Detailed Description of the Invention

[0001]

BACKGROUND OF THE INVENTION The present invention divides a molded product shape model, which is a continuous product of atypical cross-sectional shape, into analysis shape models of minute elements, and performs deformation analysis of rain gutters of various shapes using the finite element method. The present invention thus relates to a method for designing an optimum wall thickness of a rain gutter.

[0002]

2. Description of the Related Art When designing a continuous product having an irregular cross-sectional shape having an opening, design items include twisting performance, diameter expansion performance, flexure performance and the like.

The twisting performance is an important index showing the strength of the product, and if the twisting performance is inferior, the reliability of the product is impaired. Here, the twist angle in the twist performance refers to the twist angle θ11 of the free end 52 when the one end 51 of the rain gutter is pointed or fixed, as shown in FIG.

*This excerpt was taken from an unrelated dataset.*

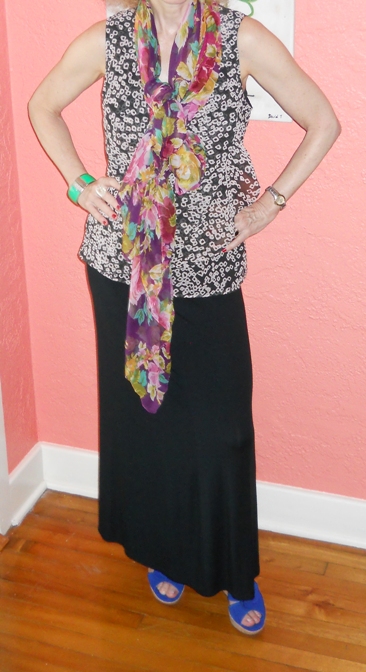 Lessons learned: it’s fun to color outside the lines. Otherwise there are no lessons learned. And to be confident all day, I need to be true to my personal style. Maybe I’ll repeat this scarf and blouse combo for a movie date or lunch with my sister, over dark jeans.

The diameter expansion performance is an item indicating the ease with which a rain gutter can be opened. Not only the characteristics of rigidity, but also the rain gutter is dropped from the eaves due to the opening of the rain gutter and deformation due to snowfall. It is also a substitute characteristic for items such as "do". Here, the diameter expansion of the rain gutter indicates the ease of opening when the both ears 611, 612 of the one end 61 of the rain gutter are pushed outward (indicated by arrows in the figure), as shown in FIG. Therefore, the diameter expansion analysis of rain gutter is to analyze how much the ears deform (open) with a constant load (opening load to open both ears of the rain gutter by hand). Say that.

The flexure performance referred to here is the flexure performance of the eaves gutter when the eaves gutter is full, and is the deformation of the eaves gutter when the eaves gutter is full of water, especially the flexure of the bottom wall. is there. Deflection of the bottom wall of the eaves gutter not only has a problem in appearance, but also causes a pool of water and reduces drainage performance. In addition, when the amount of deflection of the bottom wall increases, a gap is created between the rain gutter and the components (joint, stop, etc.) to which the gutter is joined, and water leaks.

As described above, each of the above items is an important item to be considered in designing, but conventionally, product design for each such item is empirically or by a structural analysis or the like, displacement relative to a set wall thickness. I just wanted the amount.

That is, in the conventional product design, the wall thickness design procedure for twisting, the wall thickness designing procedure for expanding diameter, and the wall thickness designing procedure for full water deflection are not established as a series of flow, respectively, which is rational. The design was not done.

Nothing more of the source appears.